- Pratikshya movie poster
- Directed by: Anupam Patnaik
- Written by: Roshan Bisoi; Gourahari Das;
- Produced by: Anupam Patnaik
- Starring: Dipanwit Dashmohapatra; Choudhury Jayprakash Das; Barsha Patnaik; Sreela Tripathy; Siddhanta Mahapatra;
- Cinematography: Deepak Kumar
- Edited by: Deven Mishra
- Music by: Ankesh Anand; Ashish Pradhan; Bivash Rath;
- Release date: 2 December 2022;
- Country: India
- Language: Odia

= Pratikshya =

Pratikshya is a 2022 Indian Odia language drama film, produced & directed by Anupam Patnaik. The film is written by Roshan Bisoi and inspired from a short story, Bapa written by Gourahari Das. Ankesh Anand, Ashish Pradhan and Bivash Rath being the music composer of the film, the cinematography is being handled by Deepak Kumar. Anupam Kher announced to produce and act in its Hindi remake.

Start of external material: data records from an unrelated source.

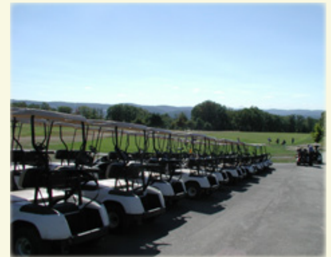
Ely Park Golf Course, 67 Ridge Street
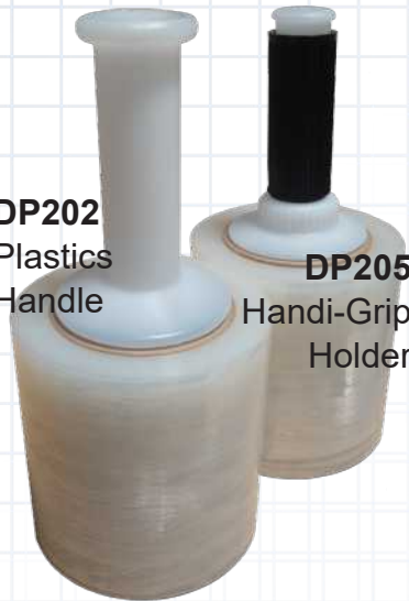
DP205 Handi-Grip Holder
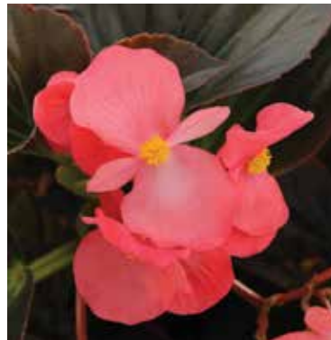
NEW Whopper Rose With Bronze Leaf Improved
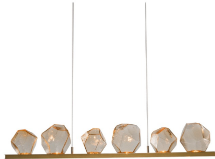
Shown in gilded brass / amber

The Gem Bezel Linear Pendant is jewelry for your home. Features gems of LED lit hand blown glass that are meticulously crafted by Hammerton artisans. The fixture gives a nod to an organic aesthetic that exudes casual sophistication. Each shade takes the place of a traditional bulb and unfolds with striking illumination. The finished look is relaxed, soft and unique. Each glass shade is a one-of-a-kind artisan creation.
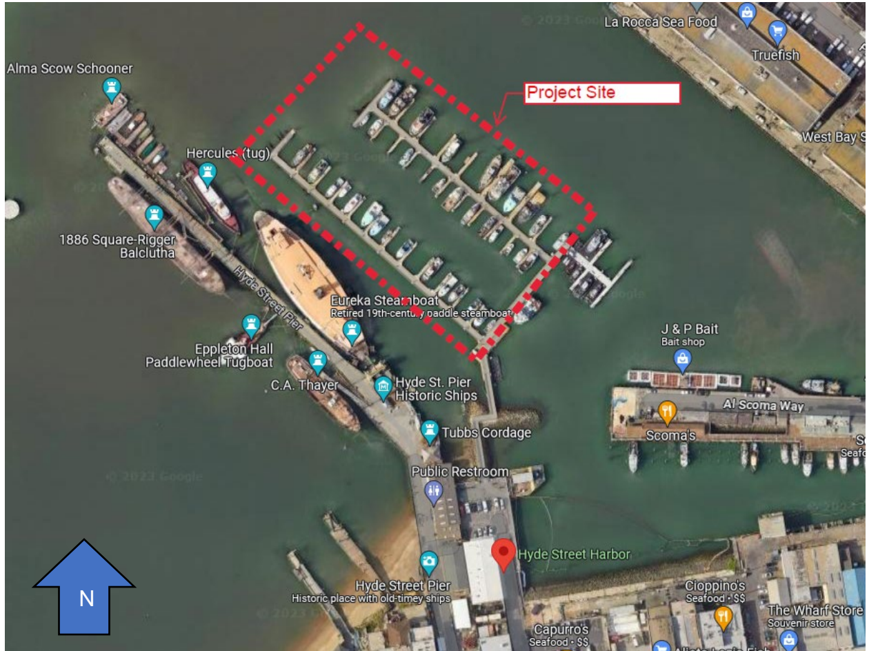
EXHIBIT A AREA OF WORK LOCATION MAP
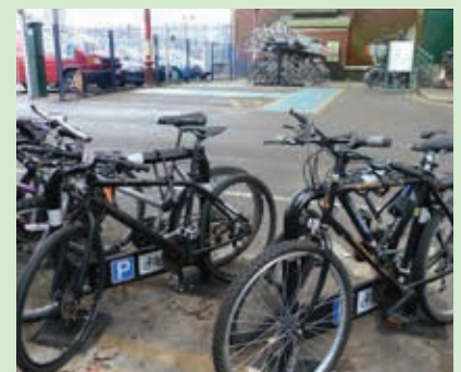
The RidgeRacks design incorporates a ridged top to reduce lock movement
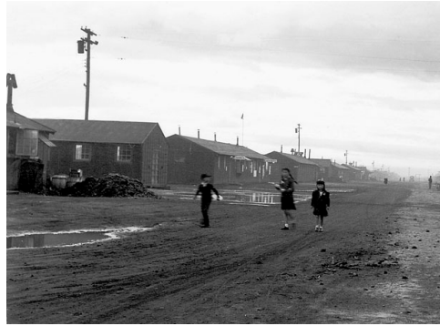
Young children go to school walking on the dirt road between barracks at Tule Lake Camp.
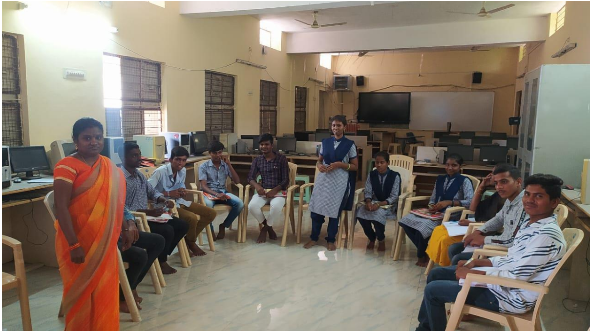
2018-2019 IBA Students
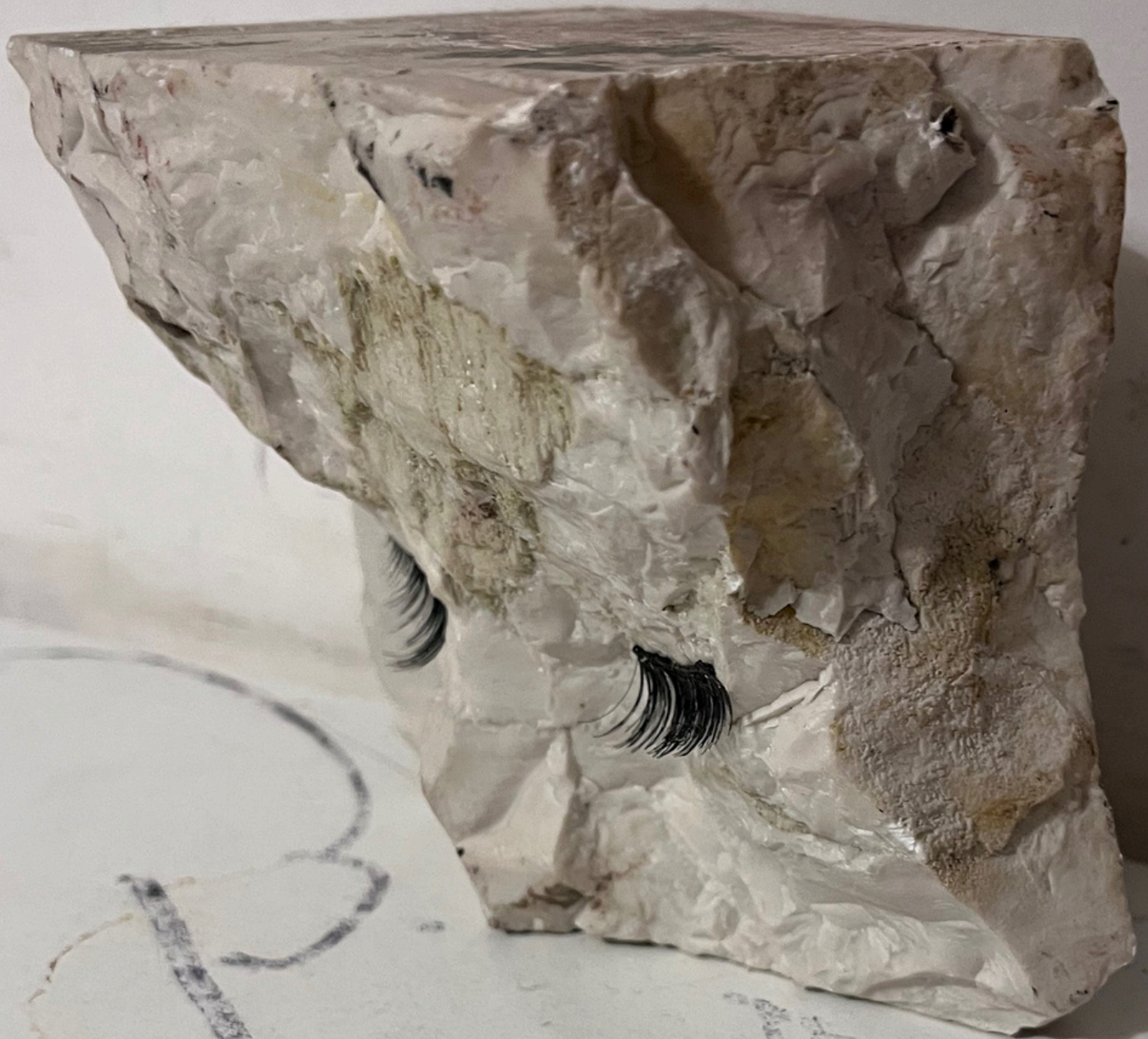
fake eyelashes on marble stone 10x10 cm, 2022
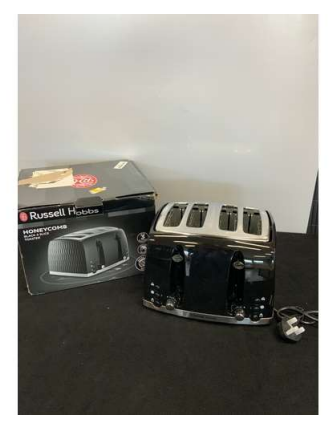
22. V - RUSSELL HOBBS BLACK 4 SLICE TOASTER RRP £45.99
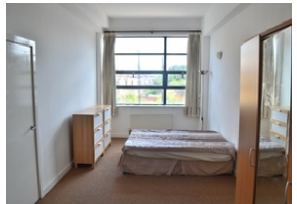
Master Bedroom Alt View
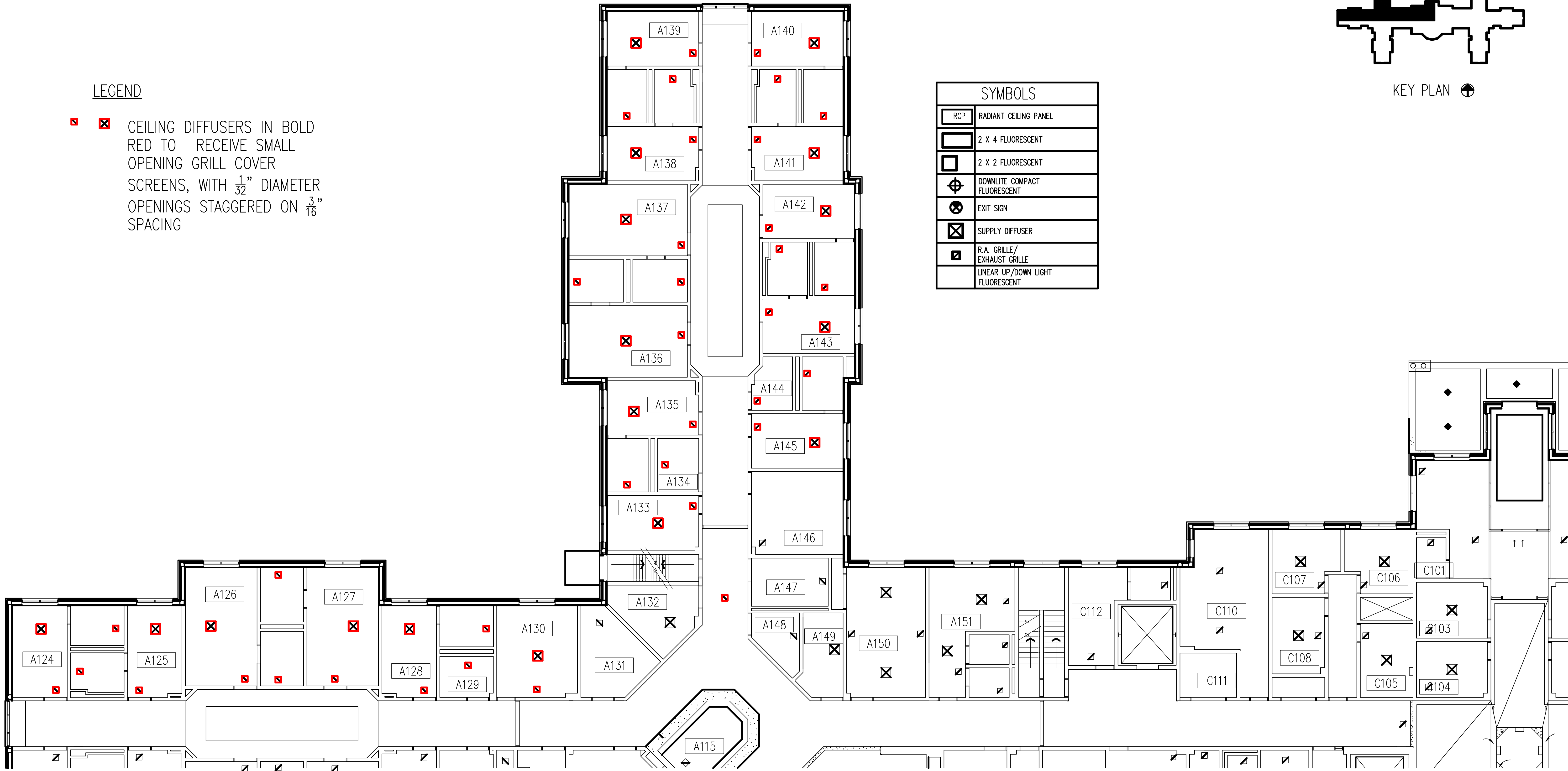
PARTIAL REFLECTED CEILING PLAN - A SCALE: 1/8"=1'-0"
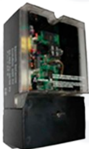
INDUBOX GSM M4

-Equipment configuration is accessed via the web page at IP address 10.10.10.10, using username and password (admin/admin).
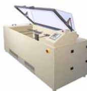
Horizontal Salt spray chambers.

The film follows the journey of Sanjay a middle-class unemployed youth whose only goal is to get a Government job. Life throws a curveball at him when his father suddenly becomes ill. With no job & money, he struggles to stay afloat with his inner desires.

== Plot ==
Set in Bhubaneswar around a typical middle-class family, Pratikshya is a story about dreams, desperation, and aspirations. Like every unemployed graduate, Sanjay is adamant about finding a government job. Bipin, his father tries hard to convince Sanjay to do any job as his retirement is at bay. The family is already burdened with loans taken for Sanjay's elder sisters Supriya's wedding. The buck stops when Bipin is diagnosed with a terminal illness and Sanjay faces the dilemma of securing a government job and saving his father.

==Cast==
- Dipanwit Dashmohapatra as Sanjay
- Choudhury Jayaprakash Das as Sanjay's father
- Barsha Patnaik as Kalyani
- Sreela Tripathy as Sanjay's mother
- Sidhant Mohapatra (guest appearance) as a doctor
- Roshan Bisoi as Bijit
- Roopambika Nayak
- Susil Mishra
- Abakash Mishra

==Release==
===Festival screening===
Pratikshya was screened in Indian Panorama section of IFFI 2022 and has won the Best Story Feature Film Award at the Washington DC South Asia Film Festival (DCSAFF) 2022.

==Reception==
A critic from Kalinga TV wrote that "Odia film ‘Pratikshya’ is an excellent film. Based on a short story written by noted writer Gourahari Das, the plot of ‘Pratikshya’ revolves around sorrow, happiness as well as failure and success of an Odia middle-class family". A critic from Orissa Post wrote that "Though the first half of the film feels a bit stretched and the second half a little shrunk, Pratikshya, which is based on a short story titled Bapa by Gourahari Das, with its subtletly and nuances stands confident as a film and a piece of art". Anupam Kher has announced its Hindi remake in IFFI press conference.